28. ?? Europe produced more renewable electricity than fossil fuel. It was the first time in history, and the sector reduced its CO 2 emissions by 23%. | Ember

29. ? Air quality improved. Thanks to the environmental measures of the European continent, in 2018 some 60,000 premature deaths will have been avoided compared to 2009. | EEA

30. ⚡️ 60% of the cars sold in Norway are electric. Another 25% are hybrids. Five years ago electrics were not one in ten. | EV

31. ? Bicycle use rose 50% in Paris. Cyclists in the department of the French capital make 840,000 trips a day. | ‘Forbes’

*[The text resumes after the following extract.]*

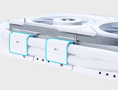 Fixed brackets on the radiator ensure the coolant tubes stay securely in place, with an additional bracket included for cases with limited top-mount space.

32. ? Bogotá will start using hundreds of electric buses. It will be the largest fleet in the whole of America and will serve 300,000 citizens on 40 routes. | Mixx.io

33. ? Could the population stop growing in the middle of the century? The number of children per woman has fallen from 4.7 in 1950 to 2.4 in 2017. | BBC

34. ? But that of Iberian lynxes increased 23% this year. The number of specimens in the Peninsula has increased from 94 animals in 2002 to almost 900. It is a success. | THE COUNTRY

35. ?‍♀️ Women run the marathon faster. To be among the 250 fastest in the US you have to go down from 2 hours and 35 minutes, instead of the 2 hours and 45 minutes that were enough in 2000. | ‘NYT’

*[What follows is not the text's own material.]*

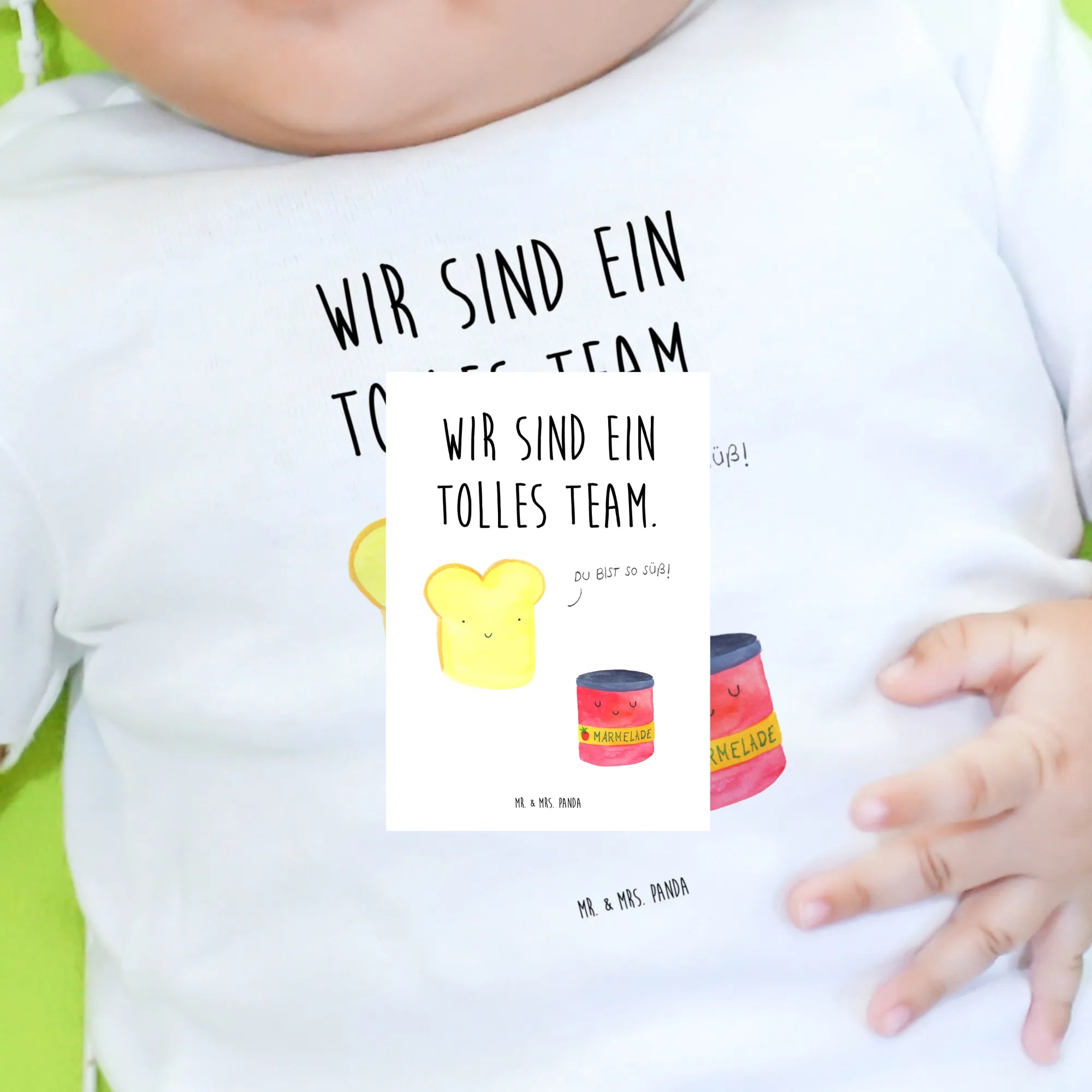 Das liebevolle Design zeigt zwei niedliche Toastscheiben, die zusammen mit einer kleinen Marmelade ein echtes Dreamteam bilden. Die niedliche Illustration strahlt gute Laune aus und bringt die süße Botschaft rüber: "Wir sind ein tolles Team!" - perfekt für jeden kleinen Schatz, der das Leben mit seinen Eltern darüber hinaus feiert.

36.?? Sudan criminalized female genital mutilation. According to the United Nations, 90% of the country’s women still suffer from it, but now it will be a crime punishable by jail. | BBC

37. ? More girls go to school. Since 1995, girls around the world who receive a secondary education have gone from 73% to 89%. The percentage of university students has tripled. | Unesco

38. ?‍?‍?‍? More time caring for children. Between 1965 and 2010, Spanish parents (men) went from dedicating just 10 minutes a day to their children, feeding, cleaning or playing with them, to dedicating a little more than an hour to them. | OWiD

39. ? Sometimes you don’t have to go far. A Swedish photographer had to cancel all his work abroad due to the epidemic; in return, he toured his homeland taking fantastic photos. | ‘ NYT ‘

40. ? Other times yes: China sent a mission to Mars. The probe should land on the red planet in 2021. | ‘ NYT’

41. ? SpaceX became the first company to take humans into space. Two astronauts spent nine weeks at the ISS station before landing back: “Welcome to planet Earth. Thanks for flying with SpaceX. ” | ‘FT’

42. ?‍♂️ “Our people can fly”, thought millions of people watching a viral video on the Internet. It starred an 11-year-old Nigerian boy who dances ballet barefoot in the Lagos drizzle.

By Sam Brad

The Great Writer and The Passionate Poet As Well, He Graduated from University Of Florida in Journalism and Brad have around 12 years of experience in news and media section.